One area that’s particularly expensive is commercial real estate.
In October last year, a survey from Alignable, a small business referral network, found that 37% of small business owners were unable to pay their rent. What’s more, 51% of small business owners faced higher rents last year, which coincided with consumers spending less.
For many small businesses, this is simply unsustainable.
That’s why cost efficiency is taking the number one priority for business owners in 2023.
How can small business owners become more cost-efficient?
The first step to helping your company save money is to take a long, honest look at all your company expenses.
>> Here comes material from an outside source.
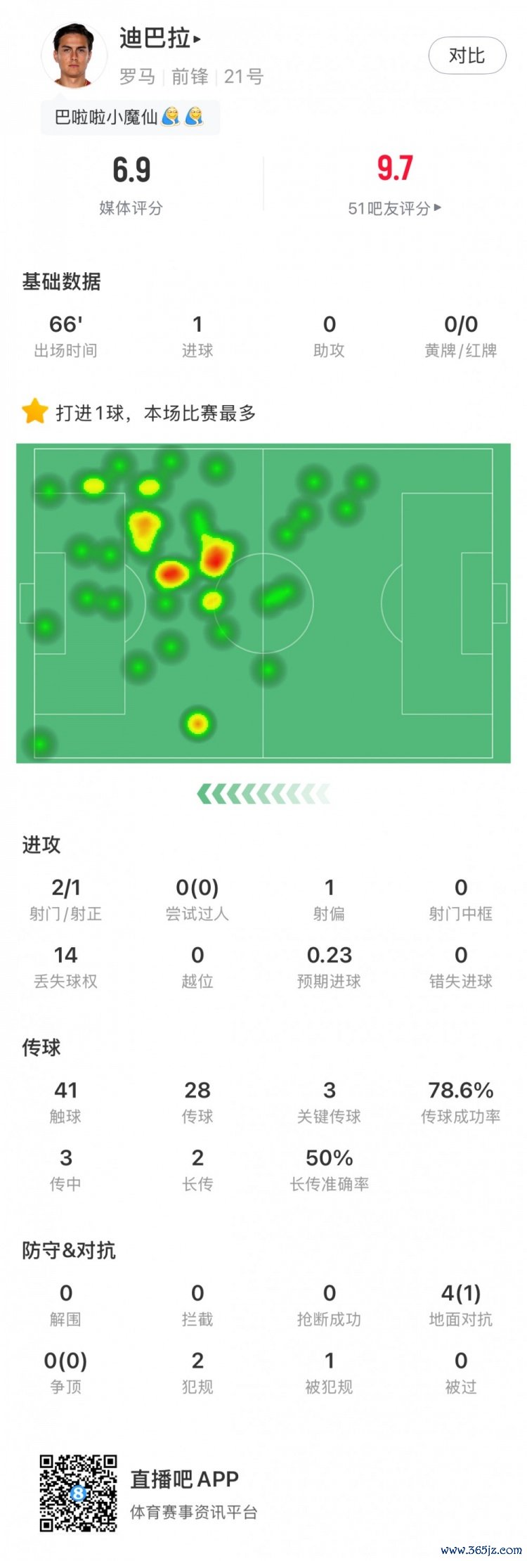 迪巴拉此役为罗马首发出战66分钟,打进1球,同期还送出3记枢纽传球。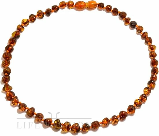 Barnsteen, ook wel Amber genoemd, zorgt voor een pijn verzachtende werking. Voor baby?s helpt barnsteen/amber goed bij het doorkomen van tandjes. Dit komt door het Barnsteen zuur dat vrij komt door de warmte van de huid. De Amber baby kettinkjes zijn met de hand geknoopt. Na elk ambersteentje zit een knoopje.

Be as thorough as possible and leave nothing out (even the coffee you’re buying).
Once you have a clear idea of where your money is going, you can start identifying areas where you can cut costs.
The two top expenses of companies tend to be:
- Workplace costs
Where staff costs are concerned, consider outsourcing some services to freelance workers or specialist service providers.
Outsourcing means you hire talent for the lifetime of a specific task, which could be a matter of weeks or even just a few hours. Whether you need marketing help, maternity cover, or someone to answer customer service calls, these types of service agreements are usually highly flexible and cost efficient – especially when compared to the cost of hiring a permanent member of staff.
As for workplace costs, given the difficulties that small businesses are facing paying rent, it’s unsurprising that many entrepreneurs are now transitioning to online operations.
For businesses operating in traditional storefronts, switching to an online-first model can significantly reduce costs without sacrificing profit. In fact, focusing more on online sales can help a business grow.
Online businesses can sell to people in their area just as easily as physical storefronts can, but they can also reach markets across the country, all while saving money on rent and time on commutes.
As for office-based companies, it’s now much easier and more acceptable to operate in a remote setting.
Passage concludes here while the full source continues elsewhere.